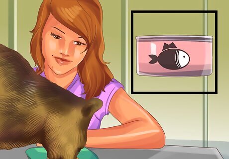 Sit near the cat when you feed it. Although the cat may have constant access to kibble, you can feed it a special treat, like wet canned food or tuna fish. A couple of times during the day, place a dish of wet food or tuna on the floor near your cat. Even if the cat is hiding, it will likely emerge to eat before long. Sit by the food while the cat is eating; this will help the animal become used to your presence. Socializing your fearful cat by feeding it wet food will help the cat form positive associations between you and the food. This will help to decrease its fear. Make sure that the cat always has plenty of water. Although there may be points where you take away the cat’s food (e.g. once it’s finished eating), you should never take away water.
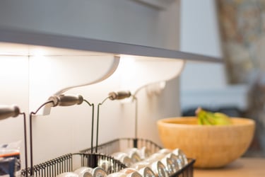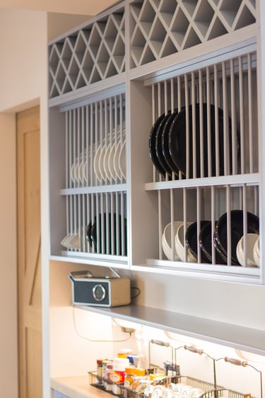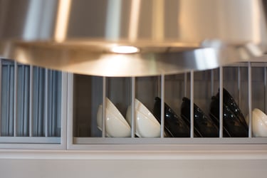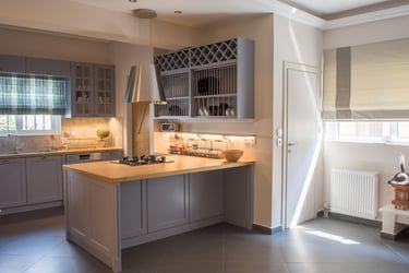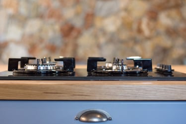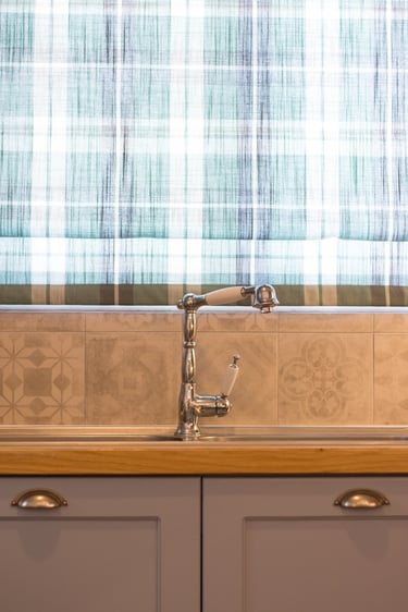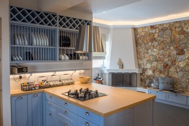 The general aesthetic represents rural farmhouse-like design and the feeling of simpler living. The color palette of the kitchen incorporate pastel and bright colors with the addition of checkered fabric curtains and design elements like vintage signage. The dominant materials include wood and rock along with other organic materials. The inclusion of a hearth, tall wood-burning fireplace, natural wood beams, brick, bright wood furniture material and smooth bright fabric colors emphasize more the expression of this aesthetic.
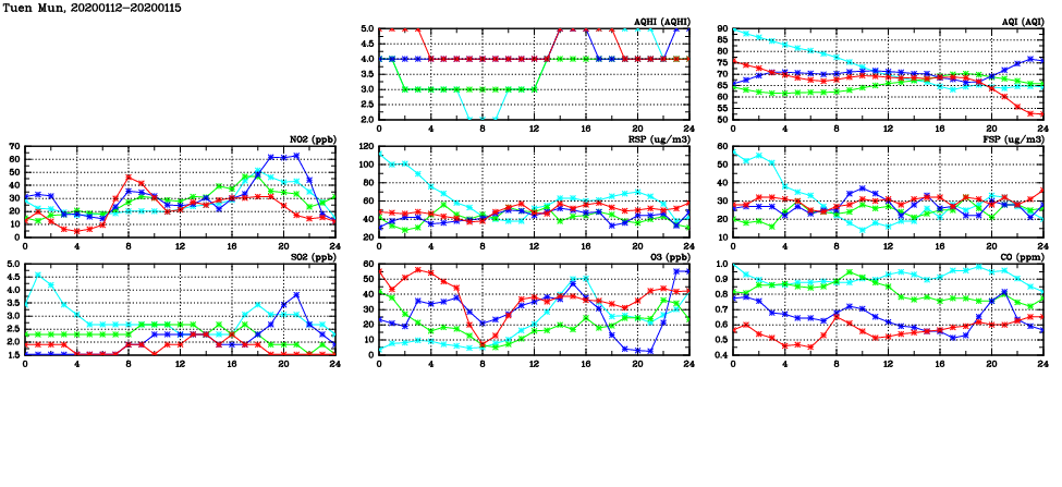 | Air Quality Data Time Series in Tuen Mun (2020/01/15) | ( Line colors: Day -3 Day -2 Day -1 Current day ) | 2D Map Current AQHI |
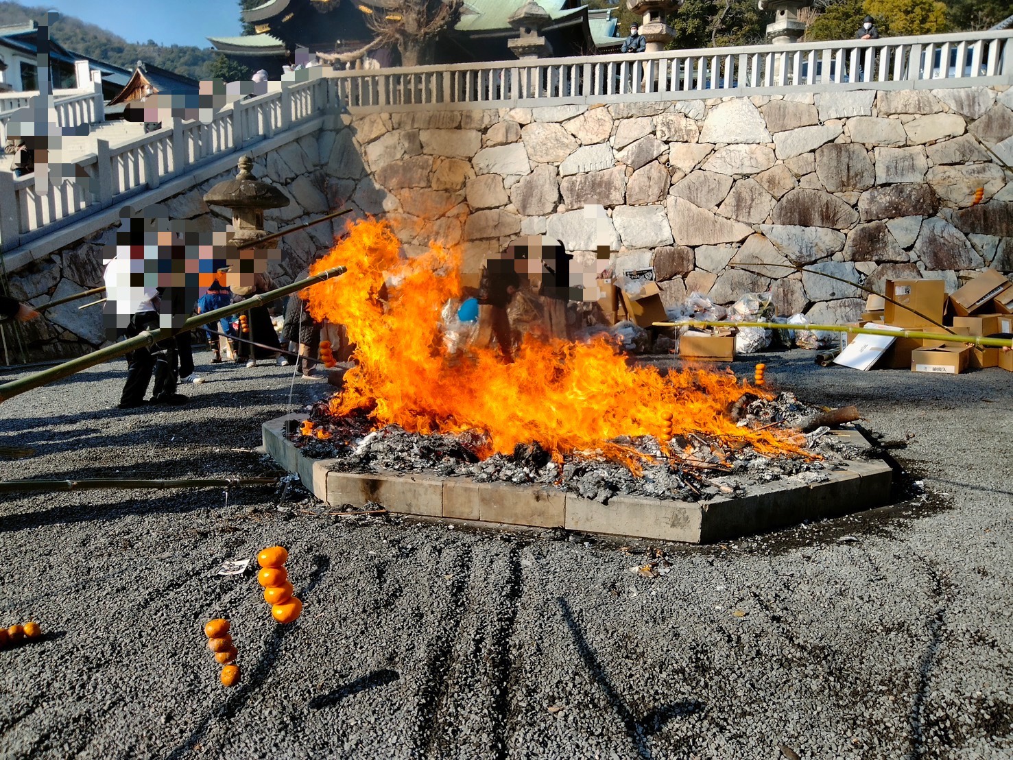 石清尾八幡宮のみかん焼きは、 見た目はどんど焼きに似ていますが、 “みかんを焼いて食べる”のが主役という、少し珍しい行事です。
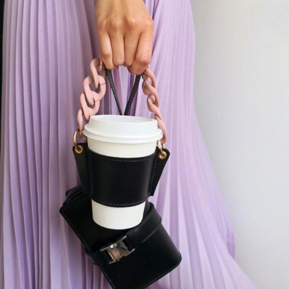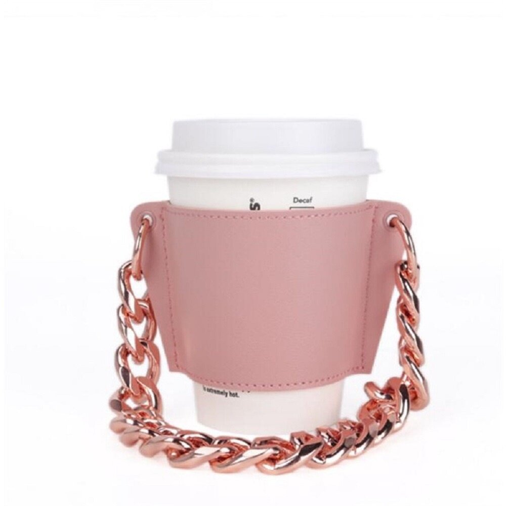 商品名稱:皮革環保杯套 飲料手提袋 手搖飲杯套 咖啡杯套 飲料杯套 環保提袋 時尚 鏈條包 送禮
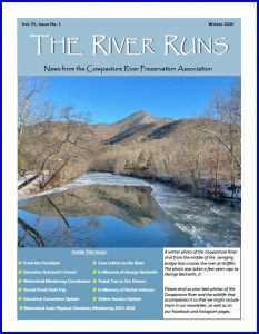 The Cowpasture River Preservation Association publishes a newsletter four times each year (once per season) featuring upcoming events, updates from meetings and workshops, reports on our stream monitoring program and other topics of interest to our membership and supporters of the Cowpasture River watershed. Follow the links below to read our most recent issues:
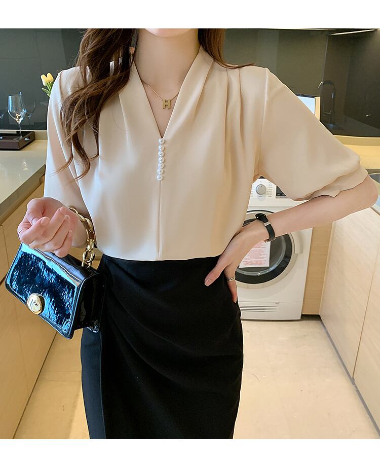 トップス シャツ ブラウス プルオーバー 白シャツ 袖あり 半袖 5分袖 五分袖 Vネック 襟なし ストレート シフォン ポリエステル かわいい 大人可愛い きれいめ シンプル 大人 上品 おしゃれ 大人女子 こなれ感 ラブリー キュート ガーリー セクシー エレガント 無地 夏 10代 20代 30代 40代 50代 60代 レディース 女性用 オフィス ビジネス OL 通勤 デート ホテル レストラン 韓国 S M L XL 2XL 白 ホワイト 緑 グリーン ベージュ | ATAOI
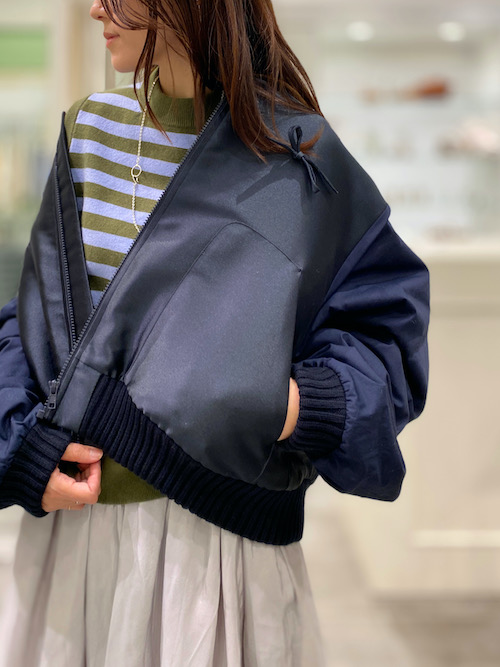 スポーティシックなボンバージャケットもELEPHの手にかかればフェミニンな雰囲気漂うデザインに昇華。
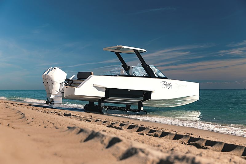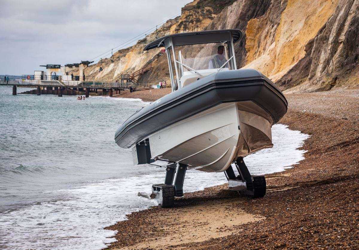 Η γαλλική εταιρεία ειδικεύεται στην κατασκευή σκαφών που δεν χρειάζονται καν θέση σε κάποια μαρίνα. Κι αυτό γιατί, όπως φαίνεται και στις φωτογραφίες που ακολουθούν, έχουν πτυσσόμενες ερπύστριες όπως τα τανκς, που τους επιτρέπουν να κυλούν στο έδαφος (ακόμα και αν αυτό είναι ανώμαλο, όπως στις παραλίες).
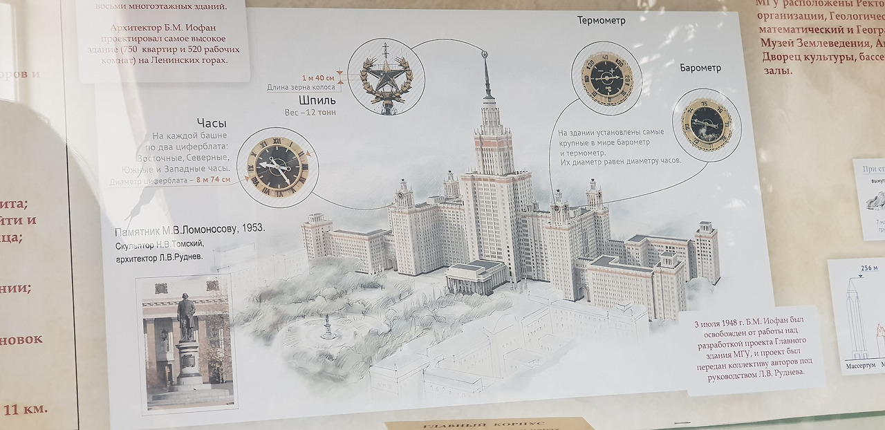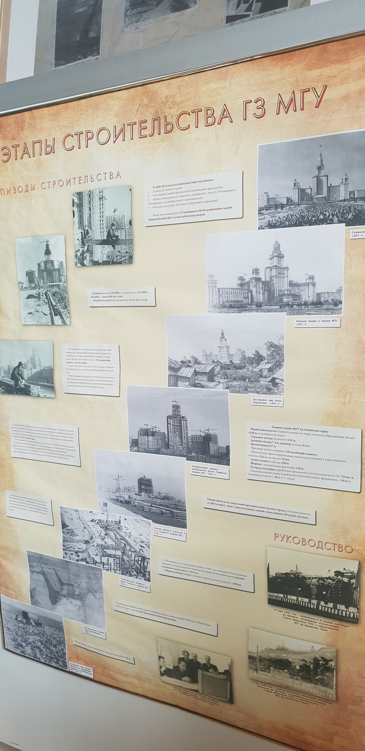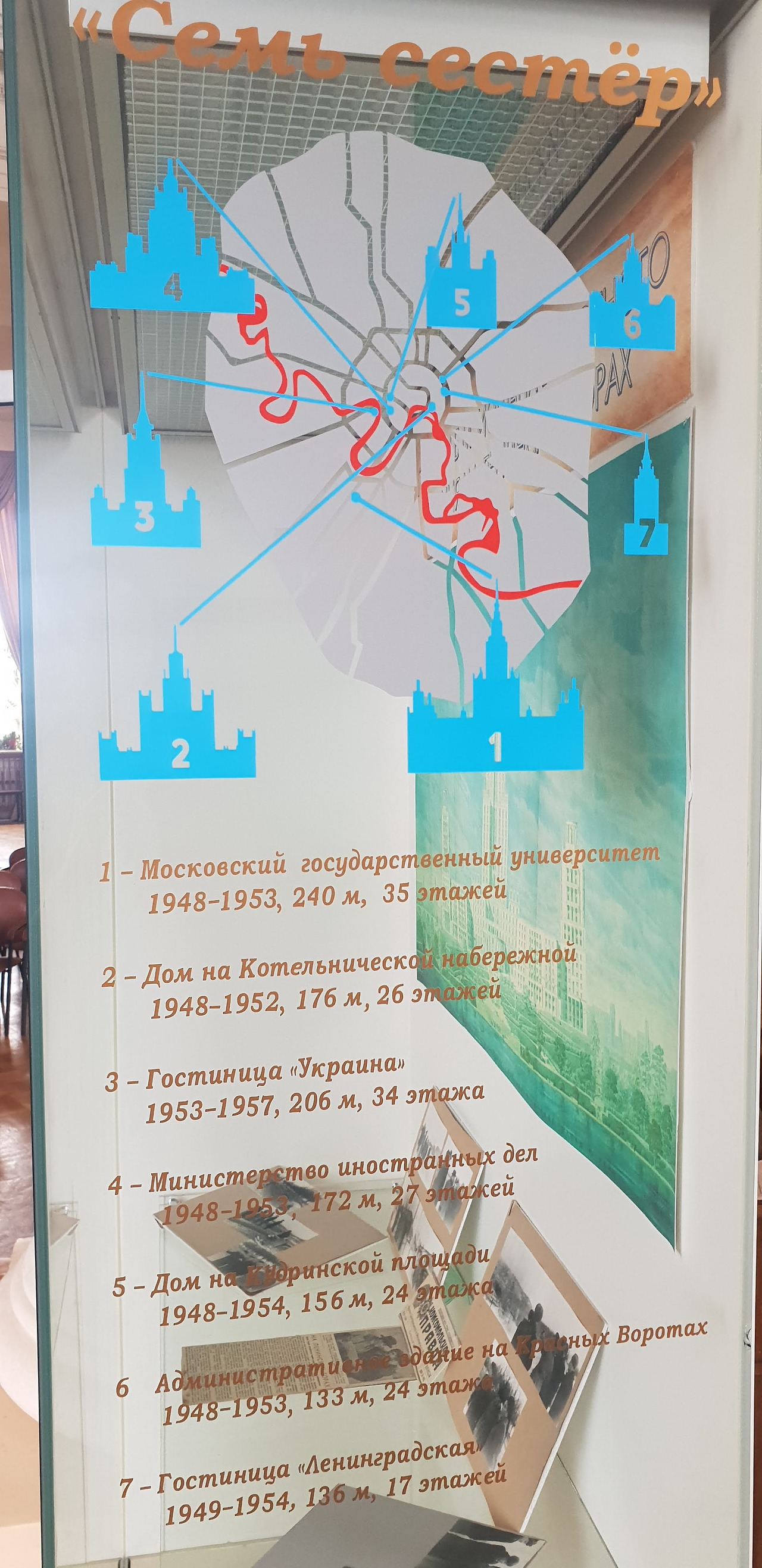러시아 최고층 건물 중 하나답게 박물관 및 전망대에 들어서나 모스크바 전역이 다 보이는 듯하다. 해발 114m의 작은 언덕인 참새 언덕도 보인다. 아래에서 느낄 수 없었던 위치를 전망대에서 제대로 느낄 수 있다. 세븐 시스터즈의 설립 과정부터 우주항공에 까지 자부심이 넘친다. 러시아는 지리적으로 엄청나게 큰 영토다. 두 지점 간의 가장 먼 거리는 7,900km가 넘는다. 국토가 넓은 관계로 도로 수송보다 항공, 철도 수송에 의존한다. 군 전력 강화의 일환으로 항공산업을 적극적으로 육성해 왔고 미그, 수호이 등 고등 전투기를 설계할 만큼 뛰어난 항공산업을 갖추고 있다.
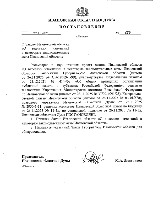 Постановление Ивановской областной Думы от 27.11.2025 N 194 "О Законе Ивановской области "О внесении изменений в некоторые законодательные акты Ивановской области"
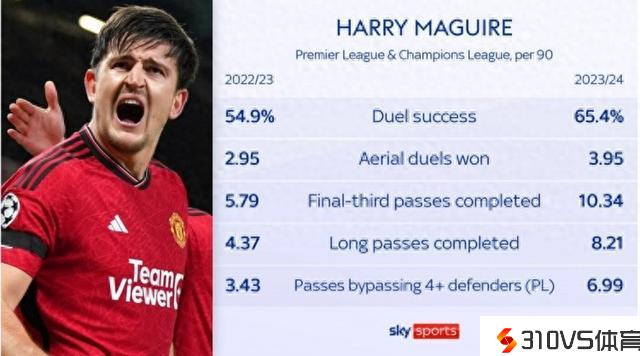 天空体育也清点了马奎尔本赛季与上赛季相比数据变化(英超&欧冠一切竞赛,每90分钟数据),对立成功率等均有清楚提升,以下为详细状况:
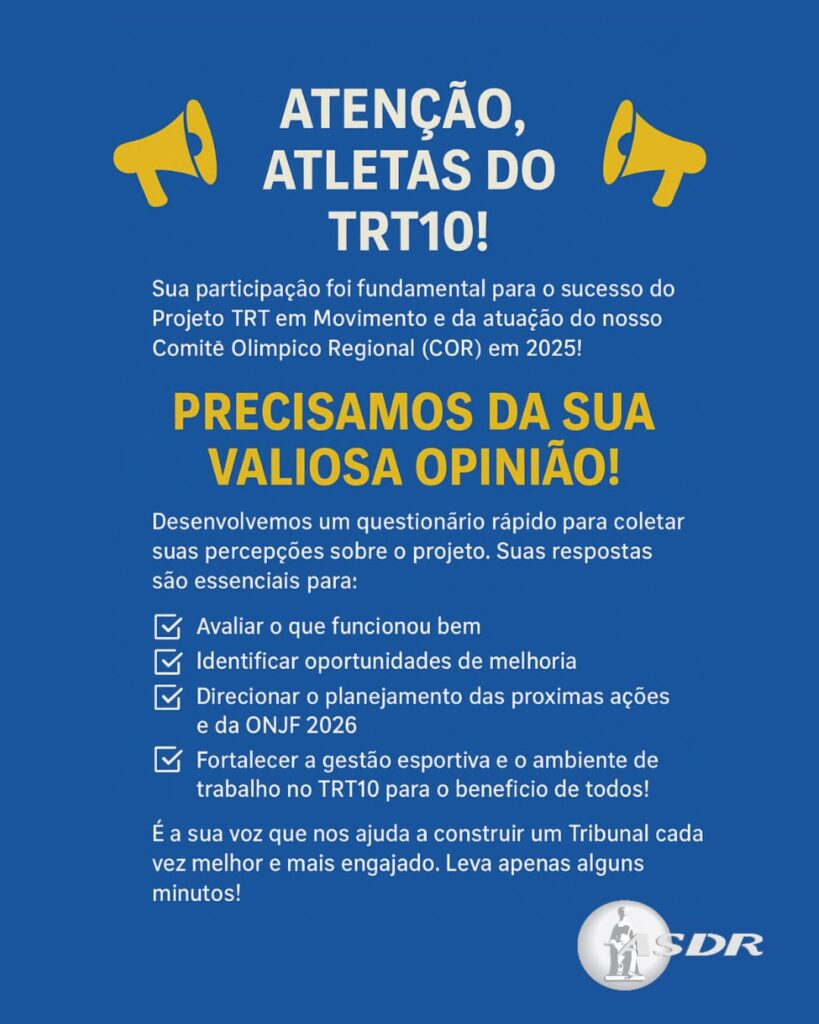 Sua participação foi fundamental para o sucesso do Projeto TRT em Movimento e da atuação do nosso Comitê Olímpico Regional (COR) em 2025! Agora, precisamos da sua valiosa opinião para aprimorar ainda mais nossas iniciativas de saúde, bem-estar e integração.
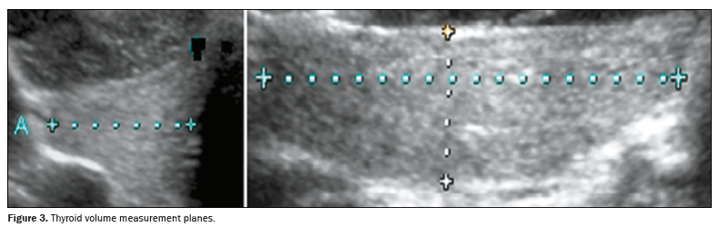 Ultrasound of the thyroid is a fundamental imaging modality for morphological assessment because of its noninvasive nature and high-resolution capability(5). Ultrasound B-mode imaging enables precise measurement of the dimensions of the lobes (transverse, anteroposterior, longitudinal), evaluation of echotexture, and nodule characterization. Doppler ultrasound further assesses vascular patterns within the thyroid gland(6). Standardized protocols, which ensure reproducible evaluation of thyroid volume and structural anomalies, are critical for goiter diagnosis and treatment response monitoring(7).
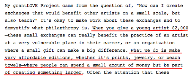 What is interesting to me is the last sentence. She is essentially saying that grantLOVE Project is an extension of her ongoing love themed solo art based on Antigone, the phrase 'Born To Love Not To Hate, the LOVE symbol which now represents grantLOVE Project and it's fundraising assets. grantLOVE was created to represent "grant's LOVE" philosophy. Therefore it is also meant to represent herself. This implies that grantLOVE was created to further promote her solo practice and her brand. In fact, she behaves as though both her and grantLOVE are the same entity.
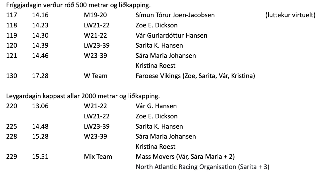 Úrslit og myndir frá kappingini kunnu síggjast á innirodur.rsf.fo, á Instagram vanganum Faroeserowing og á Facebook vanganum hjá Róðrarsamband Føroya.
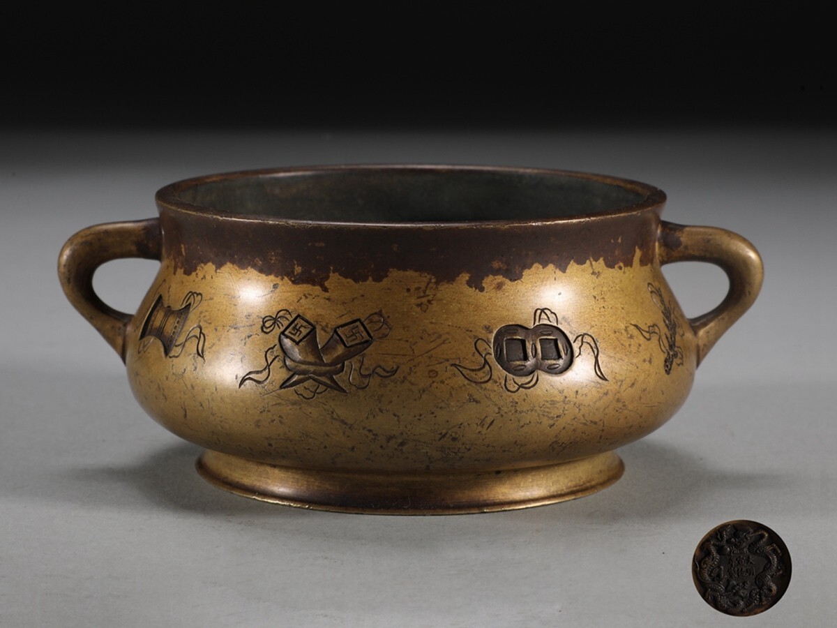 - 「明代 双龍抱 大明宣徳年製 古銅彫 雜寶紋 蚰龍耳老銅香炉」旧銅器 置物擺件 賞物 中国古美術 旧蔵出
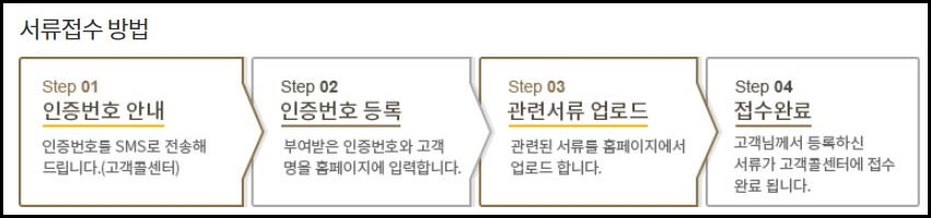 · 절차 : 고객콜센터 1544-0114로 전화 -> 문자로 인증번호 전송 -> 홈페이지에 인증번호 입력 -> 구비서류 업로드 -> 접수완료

▶ Exercise requirements
Using the records above, return word for word the lines that begin at the one containing "The general aesthetic" and end at the one containing "Current AQHI |", both of them included and no pictures.

▶ Reply to the exercise
 The general aesthetic represents rural farmhouse-like design and the feeling of simpler living. The color palette of the kitchen incorporate pastel and bright colors with the addition of checkered fabric curtains and design elements like vintage signage. The dominant materials include wood and rock along with other organic materials. The inclusion of a hearth, tall wood-burning fireplace, natural wood beams, brick, bright wood furniture material and smooth bright fabric colors emphasize more the expression of this aesthetic.
 | Air Quality Data Time Series in Tuen Mun (2020/01/15) | ( Line colors: Day -3 Day -2 Day -1 Current day ) | 2D Map Current AQHI |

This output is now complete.